Sean Carnage, a mustachioed 35-year-old promoter for the venue, says that one night Anthony Kiedis from the Red Hot Chili Peppers hung around for a show. “The great thing about all-ages is that it brings out older people who wouldn’t go to Spaceland or the Silverlake Lounge — maybe they’re burned out and this is where they come,” says Carnage, who recently directed a documentary about the club and its scene called “40 Bands-80 Minutes!”

Inside, Thill, with his small white pastry-puff of a belly, balances on a chair beside the venue’s climbing rope. As the entranced crowd gathers around the 24-year-old library assistant, he croons a ballad of destruction: “The day I started laughing at the motorcycle crash, on the shoulder of I-10 / I knew I’d committed the cynic’s sin.”

Freedom of expression — or at least the sense that adolescent angst deserves a forum — is vital to such venues, which is why a hole in the wall called the Smell in Harlem Place Alley just off 2nd Street in downtown L.A. is the stuff of legends.

“That was the whole point from the beginning,” explains Jim Smith, one of the Smell’s founders. “To open an all-ages club that was strictly geared toward the art and the music without all of the things that got in the way of that, like alcohol, the bar atmosphere and bouncers. We just wanted a space where people could hang out and be creative.”

The Smell has been run by volunteers for most of its nine years; Smith keeps a day job as a union organizer. With its CBGB’s-worthy, spray-painted bathroom, vegan snack bar and well-lighted bookshelf full of political zines, the Smell has never concerned itself with the next big thing, an attitude that has made it a magnet for just that.

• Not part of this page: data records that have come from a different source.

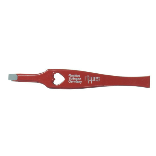 Rote abgewinkelte Pinzette mit Herzstanzung, rostfrei. Von Nippes aus Solingen, Hersteller hochwertiger Pediküre-, Maniküre- und Beauty-Produkte.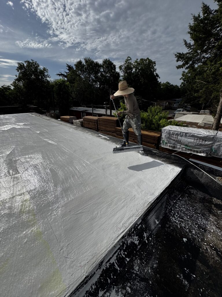 The FARR System by Western Colloid (Fluid-Applied Reinforced Roofing) is one of the most proven, sustainable roofing restoration systems available today. Designed for seamless waterproofing, this fluid-applied system builds a reinforced membrane directly over your existing roof—eliminating tear-offs, extending roof life, and delivering unmatched protection against the Texas elements.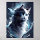 Poster Mystique Kitten noir et blanc | Chat d'aquarelle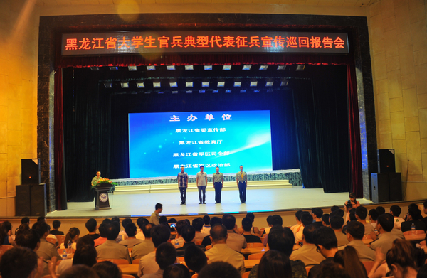根据国务院、中央军委《2013年征兵命令》,今年征兵时间作出重大调整,由冬季调整到夏秋季,即8月1日全面展开,至9月30日结束,实现了从“校门”到“营门”的无缝对接,更好地适应新军事变革对高学历、高素质人才的迫切需要。为了充分调动我省大学生这一高素质优秀群体参军入伍的积极性,黑龙江省委宣传部、省教育厅、省军区司令部、政治部联合组织大学生官兵典型代表先进事迹报告团,赴省内部分高校作征兵宣传巡回报告。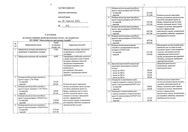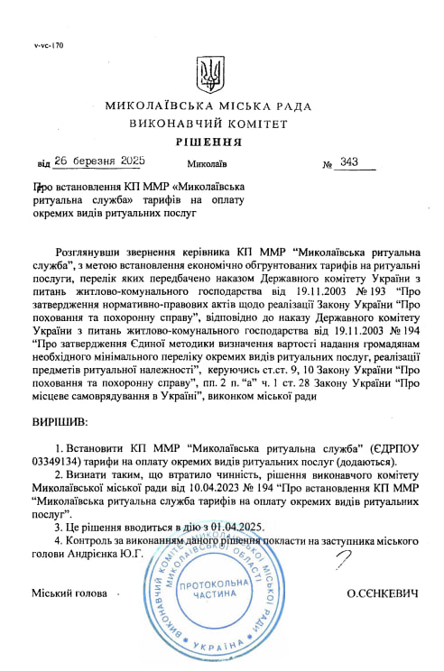 КП "Миколаївська ритуальна служба" надає платні послуги відповідно до рішення виконавчого комітету міськради від 26 березня 2025 року, говорить його директор Сергій Васелега. У цьому рішенні встановлені тарифи на послуги.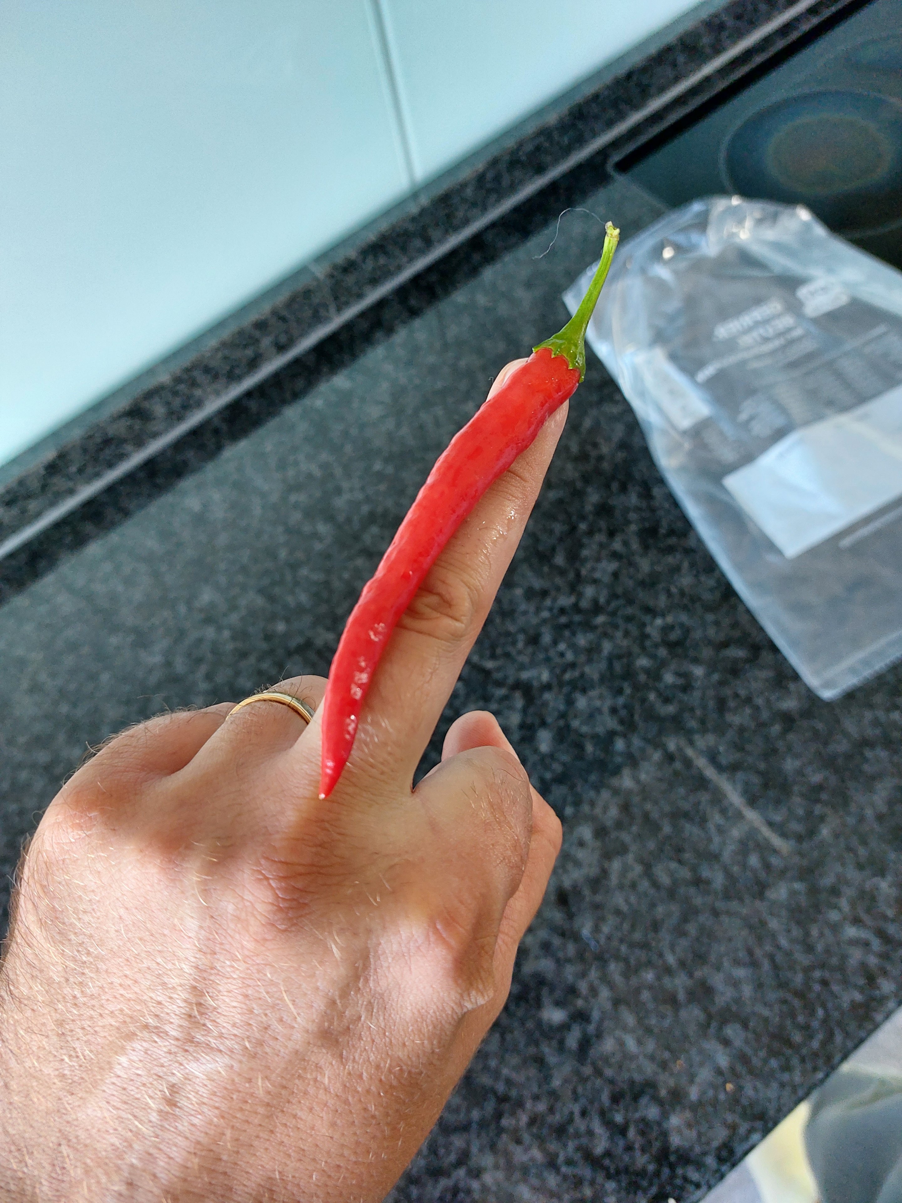 Als die Dörrte eh lief, hab ich nen Mix meiner kleinen scharfen Scheißerchen mit geteocknet für die Mühle.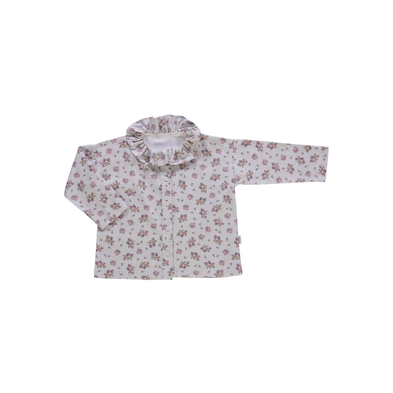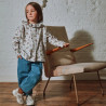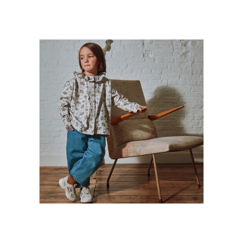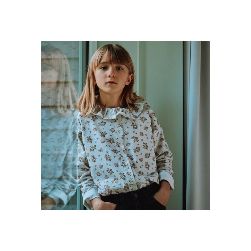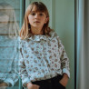 La blouse Colchique de la marque Poudre Organic en coton bio séduit par son col volanté et son imprimé fleuri rose gris.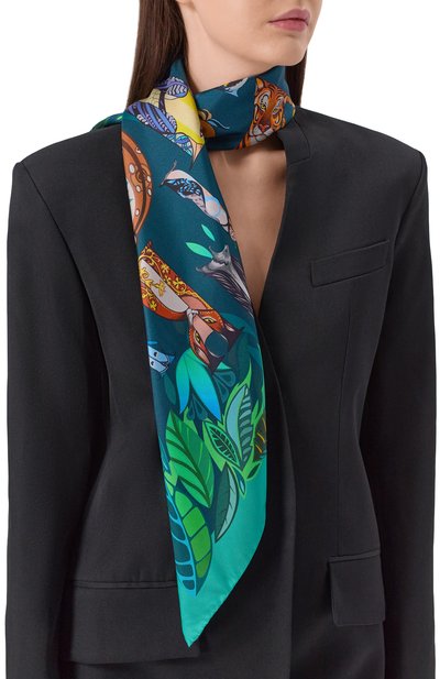Квадратный платок с цветочным принтом выполнили из шелкового твила. Края аксессуара с логотипом в углу подшили вручную в технике hand-rolled.
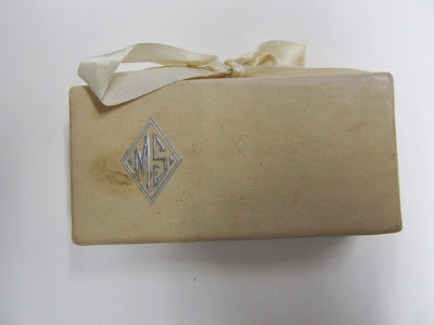 Some of the paper is stuck to the cake and the foil is torn, so I didn’t want to risk further damage by unwrapping it for a picture, but I was able to open it slightly to give a glimpse of the cake itself. The cake is dark brown; I am not an expert in cake conservation, so I don’t know if it was originally dark or if the color changed with age. According to a quick internet search, fruit cake and other dark cakes are often used for the groom’s cake, which is the cake often distributed as favors.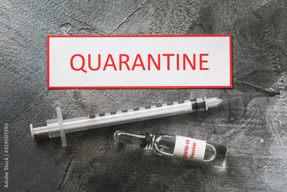 Label with inscription, syringe and ampoule with COVID-19 coronavirus vaccine. Concept of a quarantine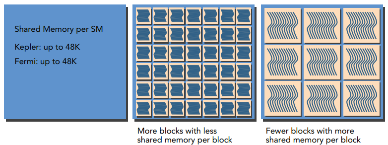 아래 그림은 스레드 블록이 더 많은 공유 메모리를 사용할 때, 더 적은 스레드 블록들이 SM에 의해서 동시에 수행되는 것을 보여줍니다.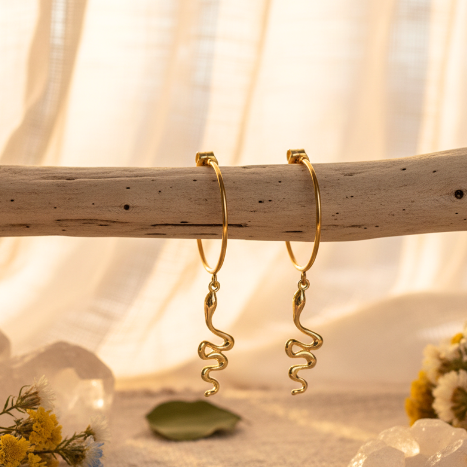 Boucles d’oreilles créoles dorées serpent – Bijoux acier inoxydable femme style bohème chic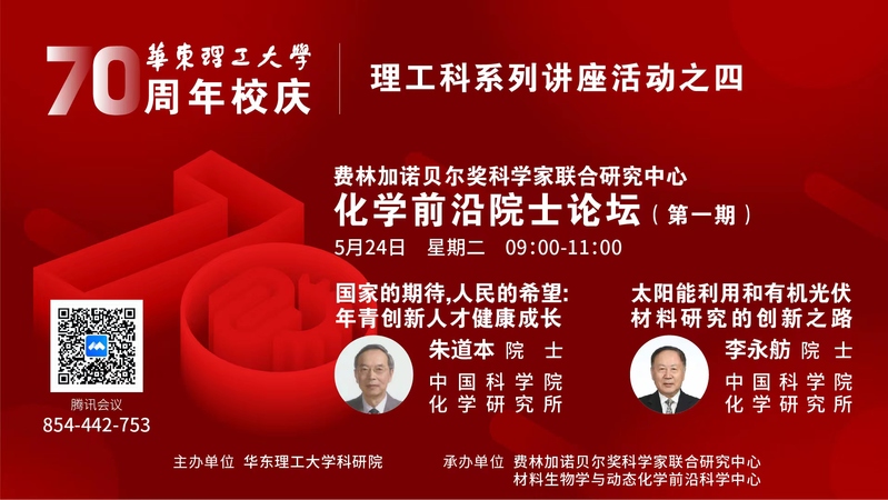 我校化学学科入选国家“双一流”建设学科和上海市二类高峰学科以来,发展快速,进步显著。为进一步加强化学学科高端平台建设、促进前沿学术交流,5月24日上午,由科学技术发展研究院主办,费林加诺贝尔奖科学家联合研究中心、材料生物学与动态化学前沿科学中心共同承办的“70周年校庆化学前沿院士论坛”在线上举行,我校杰出校友、中科院化学所朱道本院士和李永舫院士应邀为广大师生作了化学前沿学术报告。此次论坛是学校70周年校庆理工科系列讲座活动之一,副校长朱为宏教授主持论坛,田禾院士代表“联合研究中心”和“前沿科学中心”对两位院士表示了欢迎和感谢,来自校内外的300余名师生在线聆听了大家智慧。
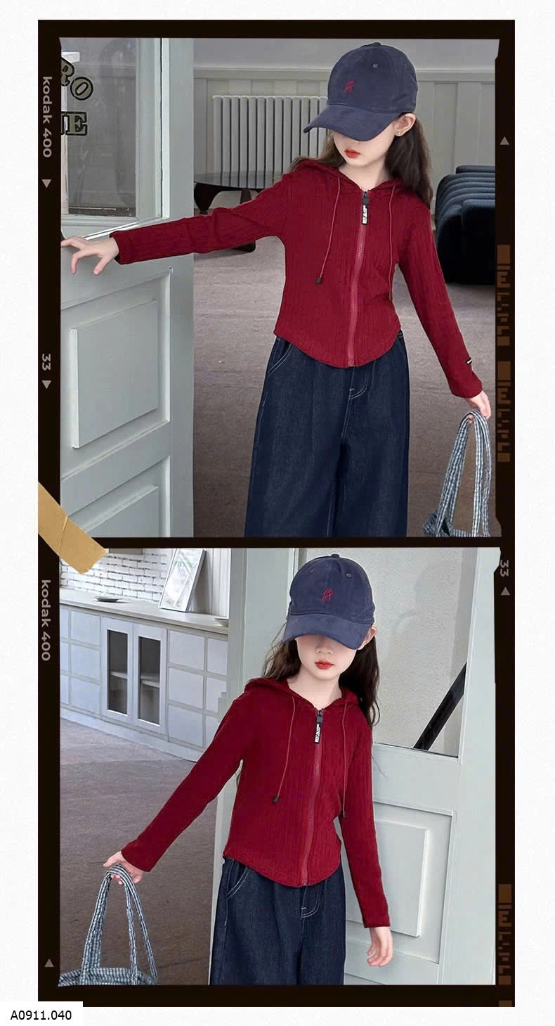 SET ÁO KHOÁC LEN ĐỎ MIX DENIM SUÔNG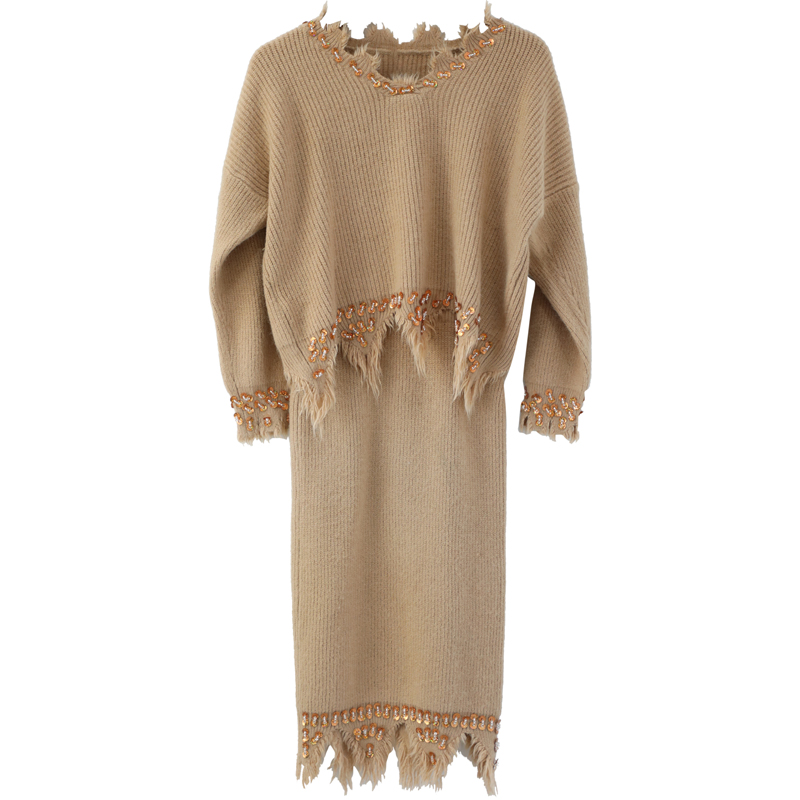 名媛氣質2018新款網紅套裝長袖套頭毛衣包臀半身裙時髦針織兩件套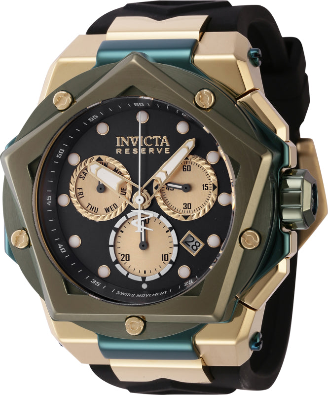 Band Material: Silicone, Stainless Steel, Band Tone: Black, Gold, Band Width: 34.70MM, Band Length: 210MM, Buckle Type: Buckle, Please note that bands do not ship with spring bars or T bars. If you need these parts, please add them to your cart with the corresponding part sku.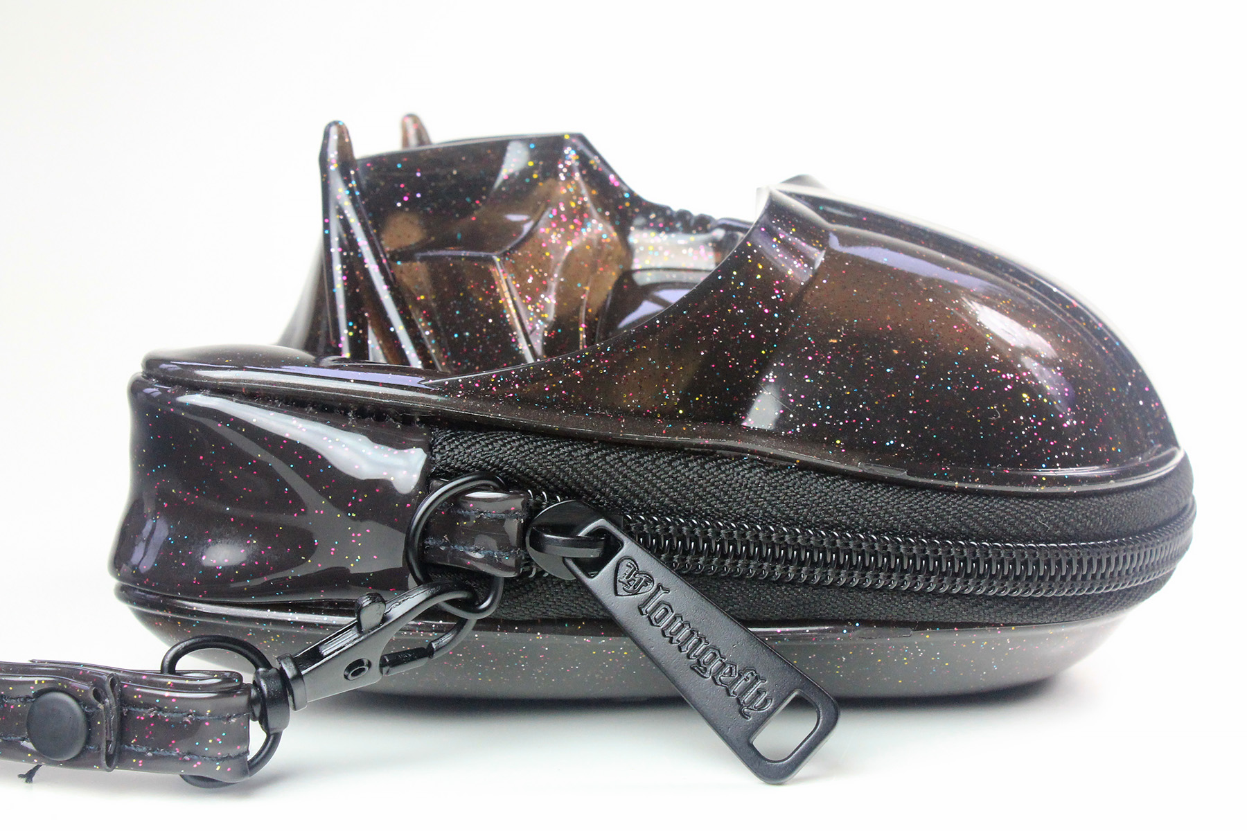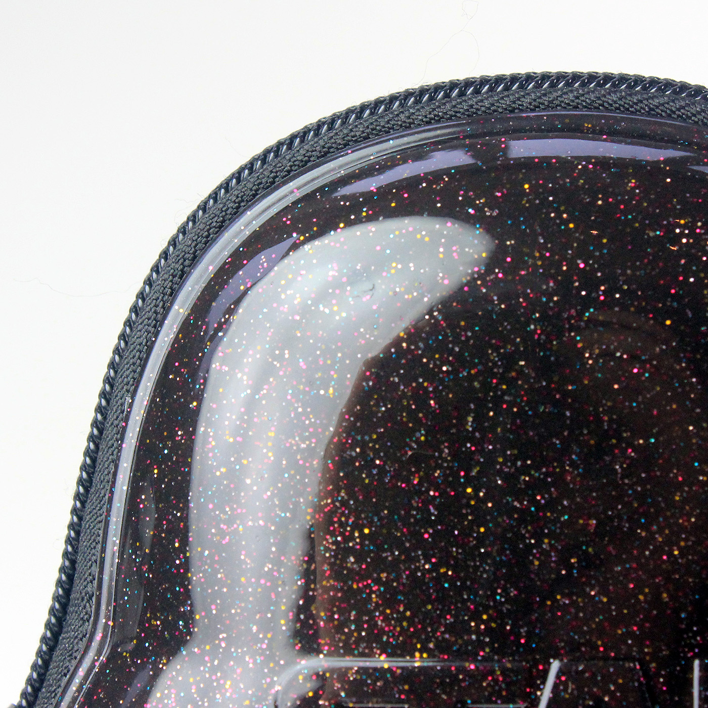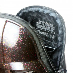 I was really excited to see both the Stormtrooper and Darth Vader variations – the rainbow glitter on Darth Vader is a fun idea. I thought the black base might diminish the glitter affect, but it serves as a great contrasting backdrop. The glitter is blended into the silicone, rather than applied to the surface. The top layer is translucent, so there’s a depth to the glitter layer that is very pretty. This coin purse is made from a flexible 3D moulded silicone.The visage of this Sith Lord is undeniably a Star Wars icon, and the glitter is a playful variation for a fashion accessory. It uses the same sculpt as the regular black coin purse (and enlarged for the Vader crossbody bag), meaning it has an identical level of detail accuracy to these related items.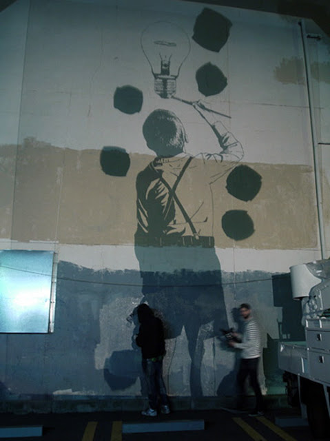 The elusive artist painted this large-scale stencil of young boy painting a light bulb on the streets of Osaka, and if you are in the area, you can check it out on 中央区西心斎橋2-11-18.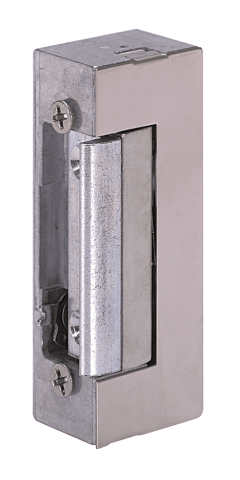 effeff, Türrahmen-Elektro-Türöffner, Modellnummer: 17E, Ausführung: mit Flachschließblech, mit Riegelausschnitt, Bauform: symmetrisch, Ergänzung: mit verstellbarer Falle, DIN-Richtung: DIN Links-Rechts, Einbaulage: senkrecht, waagerecht, Entriegelung: mechanisch, Funktion: Arbeitsstrom, Schließblechausführung: kantig, Schließblechbreite: 25 mm, Schließblechlänge: 250 mm, Schließblechstärke: 3 mm, Material Schließblech: Stahl, Farbton Schließblech: goldfarbig, Oberfläche Schließblech: beschichtet, Befestigungsart: zum Einlassen, Material Gehäuse: Zinkdruckguss, Einzelteilmaterial Falle: Zinkdruckguss, Einzelteilmaterial Aufschraubstück: Zinkdruckguss, Öffnerbreite: 20,5 mm, Öffnerhöhe: 75 mm, Öffnertiefe: 28 mm, Spannung min.: 6 V, Spannung max.: 12 V, Spannungsart: AC/DC, Stromanschluss: klemmbar, steckbar, Stromart: AC/DC, Stromaufnahme AC bei 6V: 550 mA, Stromaufnahme AC bei 12V: 1100 mA, Stromaufnahme DC bei 6V: 660 mA, Stromaufnahme DC bei 12V: 1300 mA, Fallenvorlast AC max. bei 6V: 80 N, Fallenvorlast AC max. bei 12V: 150 N, Fallenvorlast DC max. bei 6V: 10 N, Fallenvorlast DC max. bei 12V: 50 N, Aufbruchfestigkeit: 3500 N, Betriebstemperatur min.: -15 °C, Betriebstemperatur max.: 40 °C, Nennwiderstand: 9,1 O, Türart: Abschlusstür, Türausprägung: Türe stumpf, Türflügelanzahl: einflügelig, Rahmenwerkstoff: Holz, Aluminium, Kunststoff, Zulassung: entsprechende Standard Zulassung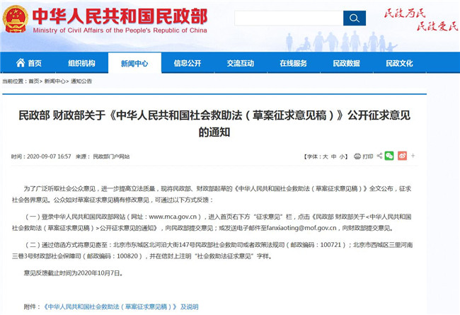 中国网9月8日讯 民政部日前公布《中华人民共和国社会救助法(草案征求意见稿)》,自9月7日至10月7日征求社会各界意见。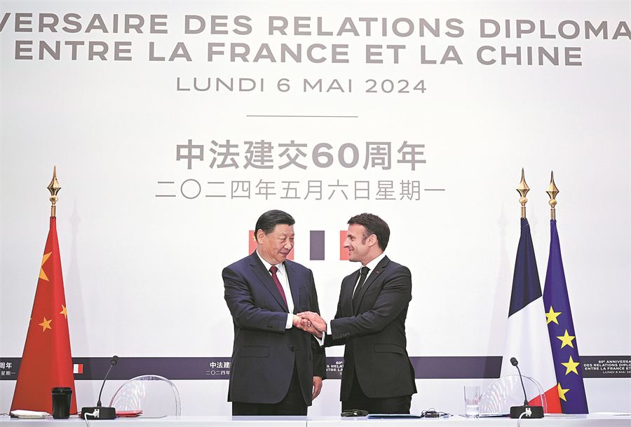 President Xi Jinping shakes hands with French President Emmanuel Macron during a joint news conference at the Elysee Palace in Paris on Monday. LI XUEREN/XINHUA

Jaime Lopez, the brazen lead singer of the hard-driving all-girl band Traeh (“heart” spelled backward), says, “I saw Le Tigre here when I was 16 — it was a really important show — I still remember that show. The power went out, like, three times; everybody was sweating.”

Lopez remembers a now-closed all-ages incarnation called the Alligator Lounge. “Their Monday night house band was Incubus, and I read an old journal entry of mine where I was, like, ‘I hate that hippie house band Incubus.’ “

Every venue secretly dreams of nurturing a house-band-makes-good like Incubus, and owners seek out that special sound. At the just-opened Wire in Upland, dedicated husband-and-wife team Donavan and Rachel Foy took out a second mortgage on their house and sold both of their cars to showcase the musical hopefuls of the Inland Empire.

Located on 2nd Avenue in quaint downtown Upland, the Wire is clean and professionally run, with art-covered walls and a fabulous sound system. Donavan, who taught middle school science for five years, told his wife, “I didn’t want to be a burned-out teacher who made life miserable for his kids.” Rachel laughs. “He kept his word.”

“We could have done a nightclub, not a place for all these kids to go,” Donavan says. “Nothing against anyone who does it differently, but we didn’t feel it was the right thing to have alcohol — we could certainly make more money if we did that — but it takes away from the bands.”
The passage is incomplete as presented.